Suara Mr. Jatmika semakin lirih. Gadis bermata biru itu terkejut. Kali pertama panggilan penuh kasih itu dilontarkan oleh sang hypnotherapyst padanya. Ia bisa merasakan kepedihan, keletihan, sekaligus kasih sayang dan pengertian dari pria Virgo itu. Mr. Jatmika pantas menjadi pendidik, penyembuh, dan orang tua yang baik.
“Kesimpulannya, kamu harus menciptakan momen yang sempurna untuk menyelesaikan segalanya. Ada awal, maka ada akhir. Entah akhir itu sedih atau bahagia. Not find a perfect moment, but create a perfect moment. Ciptakan momen yang sempurna bersamanya, lalu selesaikan. Mau kemana kalian akan melangkah. Bagaimana masalah hati bisa diselesaikan tanpa mengintervensi masalah kesehatan klien.”
“Baik, akan saya lakukan. Satu lagi, Mr. Jatmika.”
“Apa itu?”
“Saya kesepian dan sering merasa tidak aman. Kadang-kadang saya berpikir, saya akan terluka dengan mudah. Orang menganggap saya kuat dan tegar, namun sesungguhnya tidak begitu. Saya bukan Nabi Ayub yang diuji penyakit, kehilangan harta, dan ditinggalkan Rahmah. Tersimpan ketakutan di hati kecil saya. Jika orang tua saya meninggal, khususnya Mama saya, apakah semua anggota keluarga besar akan tetap bersikap baik pada saya? Apa mereka akan tetap baik pada saya setelah orang tua saya meninggal? Apakah sebenarnya mereka baik hanya karena ada orang tua saya? Setelah orang tua saya meninggal, siapa yang akan melindungi saya? Siapa yang akan menjaga dan menyayangi saya? Siapa yang akan memberi perlindungan dan kenyamanan sebaik yang mereka berikan? Saya merasa sendirian, rapuh, dan tidak berguna.”
Satu jenis ketakutan yang hanya berani ia sampaikan pada Mr. Jatmika. Pada yang lain, ia tak sanggup mengatakannya. Ketakutan itu bercampur kesedihan.
“Sangat kompleks...sebenarnya ini bukan ranah saya. Tapi akhirnya saya tahu, mengapa kamu mencari seseorang yang mengerti dan memahami dirimu luar-dalam. Saya tahu alasannya. Karena ketakutan ini. Begini ya, apakah kamu akan berbuat baik atau jahat pada mereka?”
“Saya akan berbuat baik.”
“Bagus. Selama kamu berbuat baik, kamu tidak perlu takut. Kebaikan akan menuai kebaikan. Seperti halnya untuk mengubah orang lain. Sebelum mengubah orang lain, ubah dulu diri kita sendiri. Berbuat baik, tulus, mencintai, menyayangi, dan menebar kasih, maka kamu akan mendapatkan yang sama.”
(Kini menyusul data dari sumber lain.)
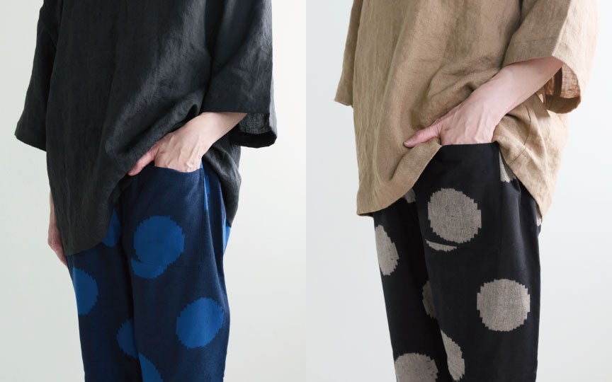 「MONPE」は、福岡・筑後地方に伝わる伝統織物・久留米絣を使った、現代的なもんぺです。昔ながらのシャトル織機で織られる生地は、手織りに近い柔らかさと風合いが魅力です。うなぎの寝床は、この素材を生かし、かつての農作業着だったもんぺを日常着として再提案しています。アメリカのジーンズのように、MONPEも日本発の定番服として注目されています。

Kata-kata Mr. Jatmika begitu lembut dan penuh kasih. Ia mengajarkan kebaikan. Ia menetralisir ketakutan dengan kebaikan. Kesekian kalinya, memberinya perlindungan dan rasa aman yang jarang didapatkannya dari orang lain.
Sesi konsultasi usai. Mr. Jatmika mengantarnya ke lantai bawah. Beban di hatinya sedikit berkurang. Waktunya mencari tahu apa yang terjadi dengan belahan jiwanya, sebisa mungkin mencoba menolongnya, dan menciptakan momen yang sempurna.